Source data
======
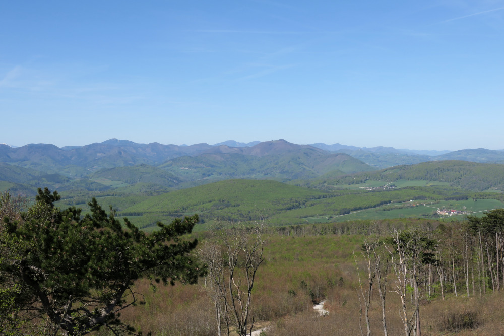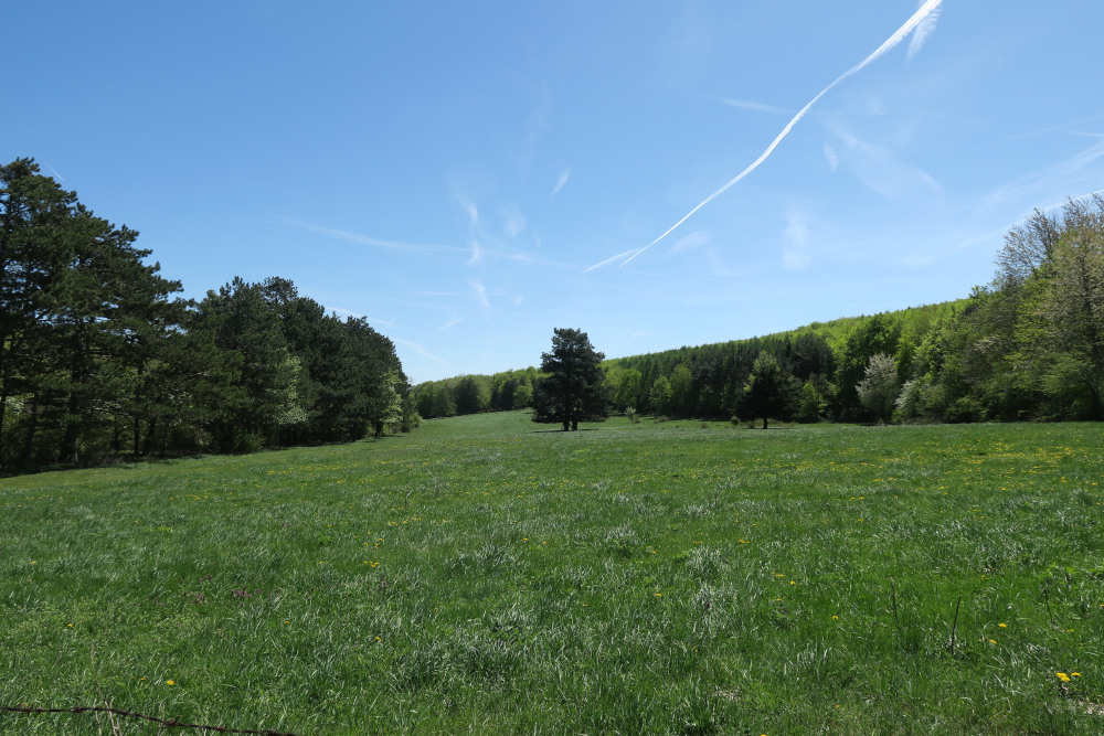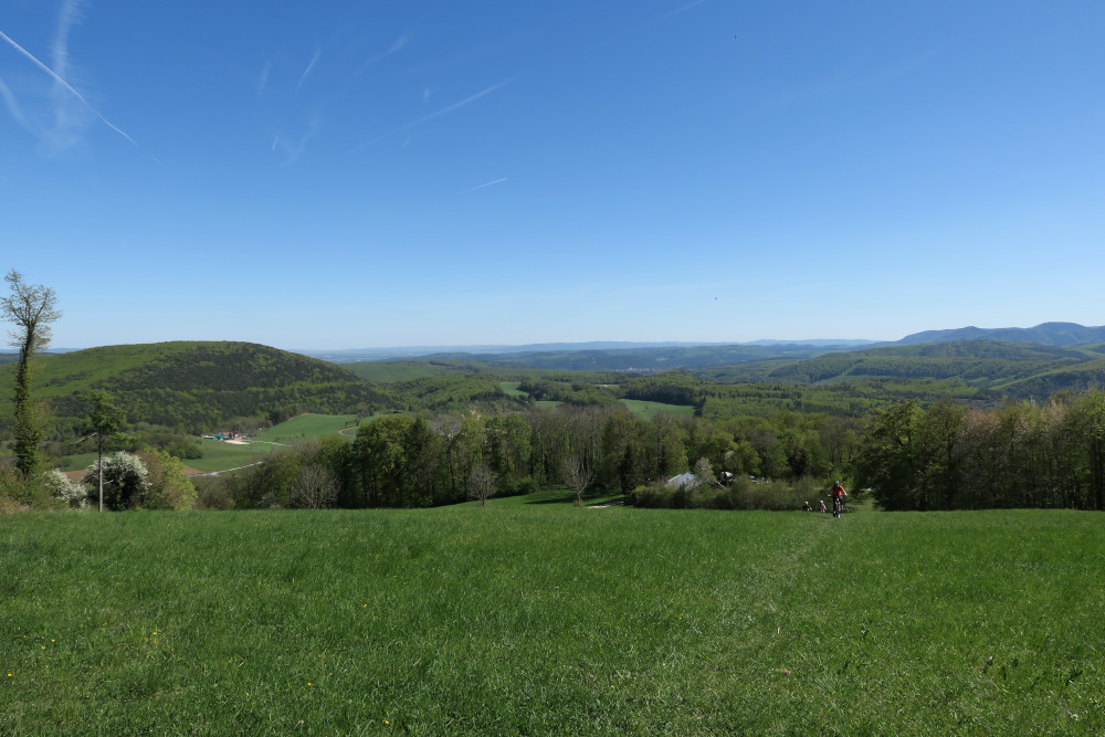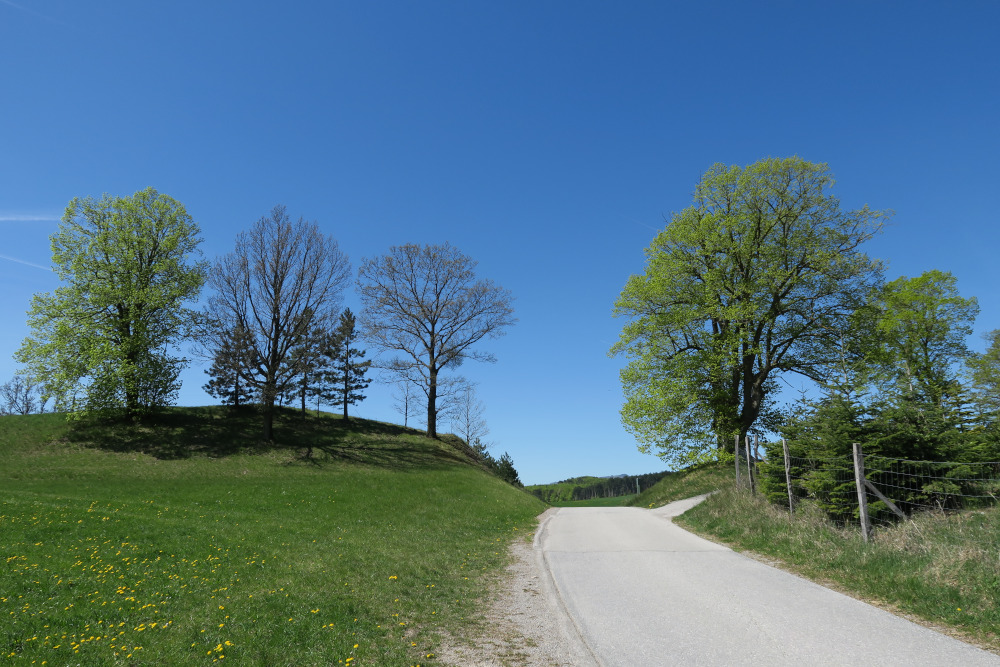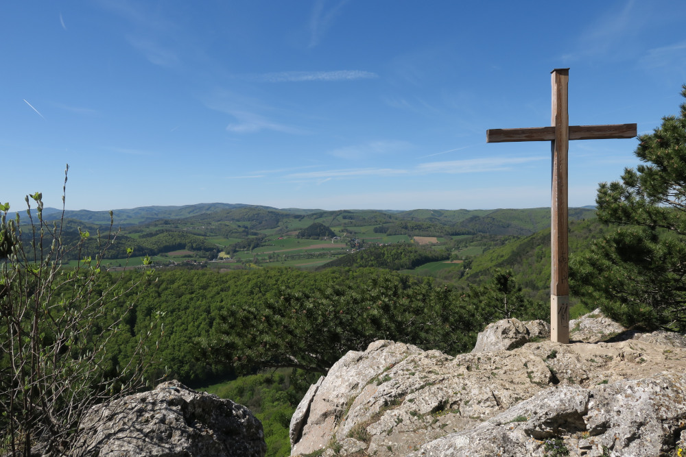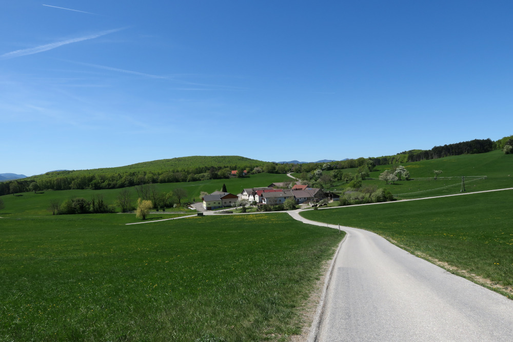 Ein lange gehegter Plan endlich umgesetzt: Vom Helenental ins Triesting unter Mitnahme zweier bekannter Kalkgipfel im Wienerwald. Dabei störten mich auch das Wochenende und das vermehrte Besucheraufkommen nicht. Der Samstag war für die Anfahrt sogar etwas günstiger, weil ich sechzehn statt sechs Minuten Umstiegszeit hatte. Der unmarkierte Steig nördlich vom Allandriegel war sehr schön zu gehen. Bei den Orchideenwiesen war ich zu früh dran für Orchideen. Der Weitwanderweg (04er) quert die Höfe ohne Hundebegegnung. Am Dernberg verpasste ich den echten Gipfel, dazu später mehr. Das Wetter gestaltete sich frühsommerlich warm, doch der lebhafte Westwind war sehr lästig.
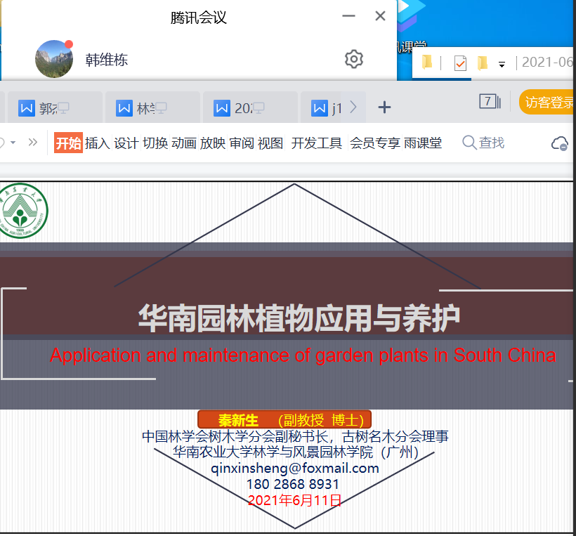 受广东海洋大学风景园林学科邀请,6月12日上午,中国林学会树木学分会副秘书长、中国林学会古树名木分会理事、华南农业大学林学专业主任秦新生博士、副教授,通过腾讯会议为我校师生作《华南园林植物应用与养护》专题线上学术报告,报告由广东海洋大学韩维栋教授主持,参加报告的有园林系教师、研究生、本科生及校外实习基地单位相关领导员工约60人。
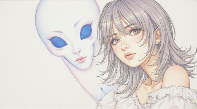 Yoshitaka Amano art, Ludwig Kakumei style, HDR sketch, bishoujo пытается вырваться, призрак прекрасной сциллы душит шею, ghostly entity, crystally clear drawing, aesthetically delicate art, metallic pastel colors, Junji Ito art
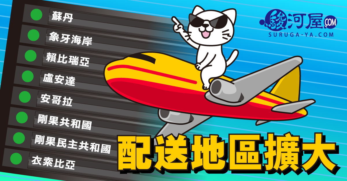 駿河屋發布了8個可以配送商品的地區! 以及實施中的「免運費活動」! 新增的配送地區:蘇丹、賴比瑞亞、盧安達、象牙海岸、剛果共和國、剛果民主共和國、安哥拉、衣索比亞 蘇丹、賴比瑞亞、盧安達、象牙海岸、剛果共和國、剛果民主共和國、安哥拉、衣索比亞的各位、讓您久等了! 在SURUGA-YA.COM購買的商品、可以配送了! 請馬上到SURUGA-YA.COM享受購物的樂趣♪ 期待您的訂...
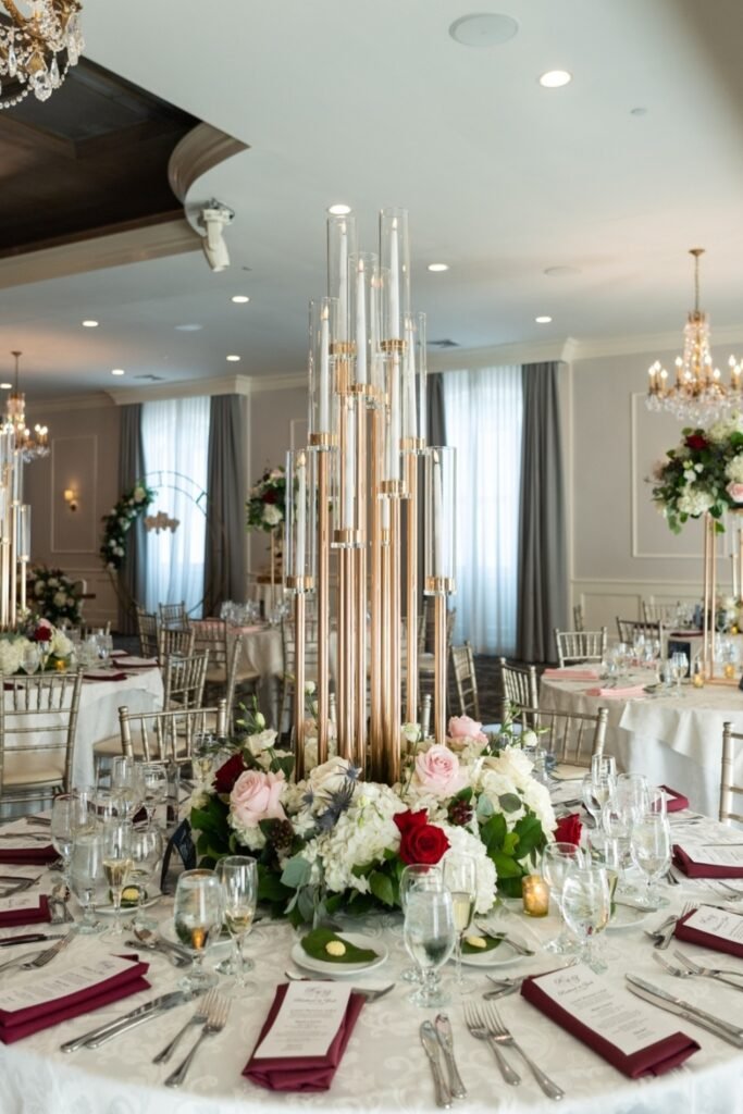 Metallic candleholders reflect light upward, preventing deep tones from feeling flat while enhancing evening ambiance beautifully for formal weddings.
======
* _TASK STATEMENT_
Transcribe the complete set of entries verbatim. No pictures belong in the copy.

* _RESULT_
 Ein lange gehegter Plan endlich umgesetzt: Vom Helenental ins Triesting unter Mitnahme zweier bekannter Kalkgipfel im Wienerwald. Dabei störten mich auch das Wochenende und das vermehrte Besucheraufkommen nicht. Der Samstag war für die Anfahrt sogar etwas günstiger, weil ich sechzehn statt sechs Minuten Umstiegszeit hatte. Der unmarkierte Steig nördlich vom Allandriegel war sehr schön zu gehen. Bei den Orchideenwiesen war ich zu früh dran für Orchideen. Der Weitwanderweg (04er) quert die Höfe ohne Hundebegegnung. Am Dernberg verpasste ich den echten Gipfel, dazu später mehr. Das Wetter gestaltete sich frühsommerlich warm, doch der lebhafte Westwind war sehr lästig.
 受广东海洋大学风景园林学科邀请,6月12日上午,中国林学会树木学分会副秘书长、中国林学会古树名木分会理事、华南农业大学林学专业主任秦新生博士、副教授,通过腾讯会议为我校师生作《华南园林植物应用与养护》专题线上学术报告,报告由广东海洋大学韩维栋教授主持,参加报告的有园林系教师、研究生、本科生及校外实习基地单位相关领导员工约60人。
 Yoshitaka Amano art, Ludwig Kakumei style, HDR sketch, bishoujo пытается вырваться, призрак прекрасной сциллы душит шею, ghostly entity, crystally clear drawing, aesthetically delicate art, metallic pastel colors, Junji Ito art
 駿河屋發布了8個可以配送商品的地區! 以及實施中的「免運費活動」! 新增的配送地區:蘇丹、賴比瑞亞、盧安達、象牙海岸、剛果共和國、剛果民主共和國、安哥拉、衣索比亞 蘇丹、賴比瑞亞、盧安達、象牙海岸、剛果共和國、剛果民主共和國、安哥拉、衣索比亞的各位、讓您久等了! 在SURUGA-YA.COM購買的商品、可以配送了! 請馬上到SURUGA-YA.COM享受購物的樂趣♪ 期待您的訂...
 Metallic candleholders reflect light upward, preventing deep tones from feeling flat while enhancing evening ambiance beautifully for formal weddings.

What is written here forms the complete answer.